If underwriters are used in an offering, we will execute an underwriting agreement with such underwriters and will specify the name of each underwriter and the terms of the transaction (including any underwriting discounts and other terms constituting compensation of the underwriters and any dealers) in a prospectus supplement. The securities may be offered to the public either through underwriting syndicates represented by managing underwriters or directly by one or more investment banking firms or others, as designated. If an underwriting syndicate is used, the managing underwriter(s) will be specified on the cover of the prospectus supplement. If underwriters are used in the sale, the offered securities will be acquired by the underwriters for their own accounts and may be resold from time to time in one or more transactions, including negotiated transactions, at a fixed public offering price or at varying prices determined at the time of sale. Any public offering price and any discounts or concessions allowed or re-allowed or paid to dealers may be changed from time to time. Unless otherwise set forth in the prospectus supplement, the obligations of the underwriters to purchase the offered securities will be subject to conditions precedent and the underwriters will be obligated to purchase all of the offered securities if any are purchased.
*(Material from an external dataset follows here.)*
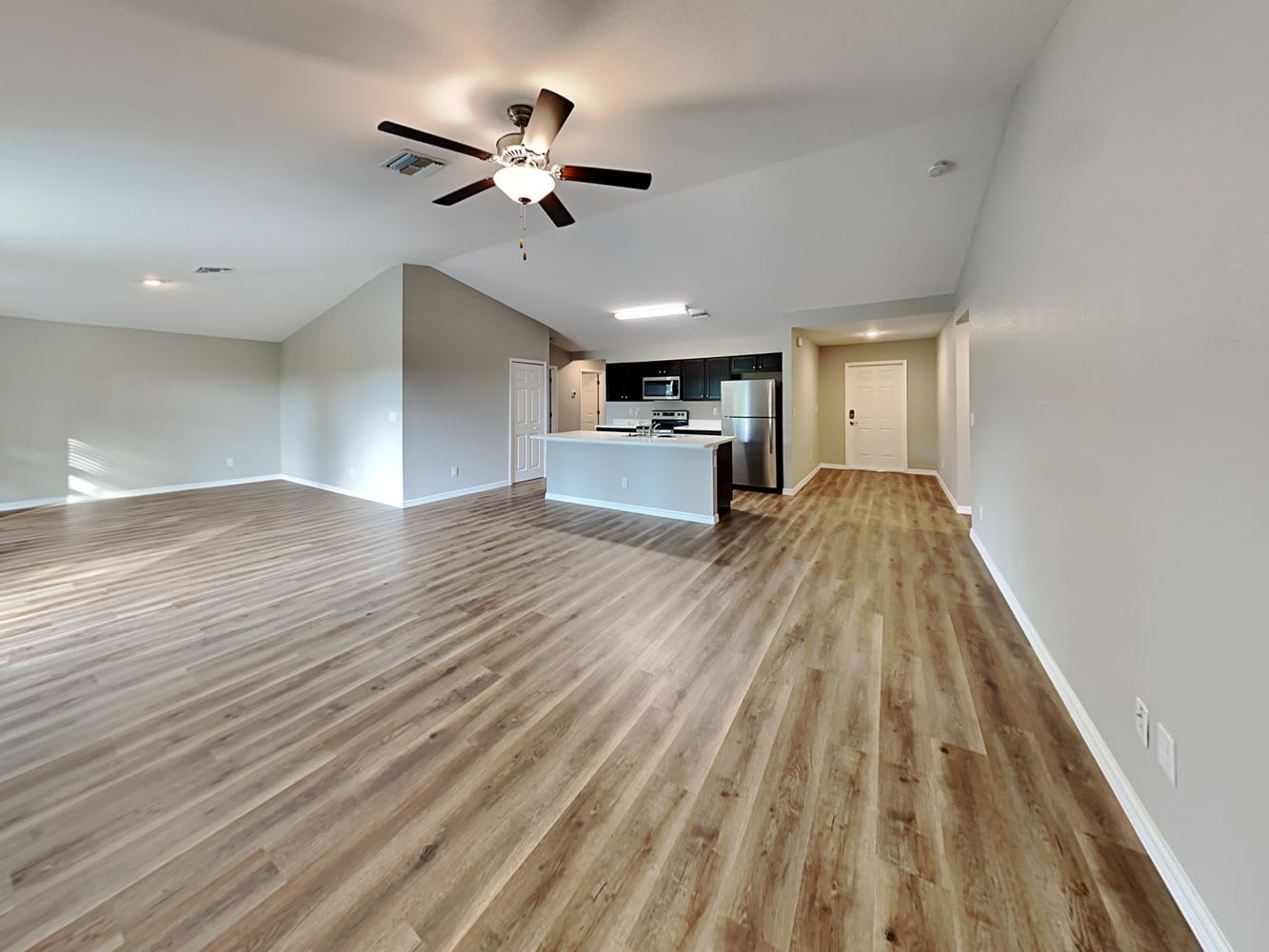 Let's talk about this house! Right away, you'll notice lots of natural light streaming through large windows. Sleek wood-style tile flooring adds that modern touch while ensuring our Lease Freer lifestyle. The kitchen is complete with stainless steel appliances, sleek countertops, a large island and premium cabinetry. Picture yourself relaxing on a sunny day in this lounge-worthy fenced yard, perfectly customizable to fit your lifestyle, whether it’s for pets or playgrounds. Apply online today!

We may grant to the underwriters options to purchase additional securities to cover over-allotments, if any, at the public offering price, with additional underwriting commissions or discounts, as may be set forth in a related prospectus supplement. The terms of any over-allotment option will be set forth in the prospectus supplement for those securities.
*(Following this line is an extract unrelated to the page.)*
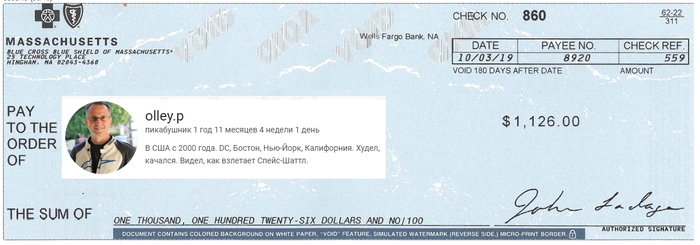 А как же быть с тем счетом на 1126 долларов непосредственно от врача? Оказывается, хотя те врачи не работают со страховкой, но они свой счет послали и туда. Поэтому страховка в свою очередь просто прислала мне банковский чек.

If we use a dealer in the sale of the securities being offered pursuant to this prospectus or any prospectus supplement, we will sell the securities to the dealer, as principal. The dealer may then resell the securities to the public at varying prices to be determined by the dealer at the time of resale. The names of the dealers and the terms of the transaction will be specified in a prospectus supplement.
We may sell the securities directly or through agents we designate from time to time. We will name any agent involved in the offering and sale of securities and we will describe any commissions we will pay the agent in the prospectus supplement. Unless the prospectus supplement states otherwise, any agent will act on a best-efforts basis for the period of its appointment.
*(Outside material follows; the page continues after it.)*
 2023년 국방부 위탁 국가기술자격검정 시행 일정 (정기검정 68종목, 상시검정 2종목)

We may authorize agents or underwriters to solicit offers by institutional investors to purchase securities from us at the public offering price set forth in the prospectus supplement pursuant to delayed delivery contracts providing for payment and delivery on a specified date in the future. We will describe the conditions to these contracts and the commissions we must pay for solicitation of these contracts in the prospectus supplement.
In connection with the sale of the securities, underwriters, dealers or agents may receive compensation from us or from purchasers of the common stock for whom they act as agents in the form of discounts, concessions or commissions. Underwriters may sell the securities to or through dealers, and those dealers may receive compensation in the form of discounts, concessions or commissions from the underwriters or commissions from the purchasers for whom they may act as agents. Underwriters, dealers and agents that participate in the distribution of the securities, and any institutional investors or others that purchase common stock directly and then resell the securities, may be deemed to be underwriters, and any discounts or commissions received by them from us and any profit on the resale of the common stock by them may be deemed to be underwriting discounts and commissions under the Securities Act.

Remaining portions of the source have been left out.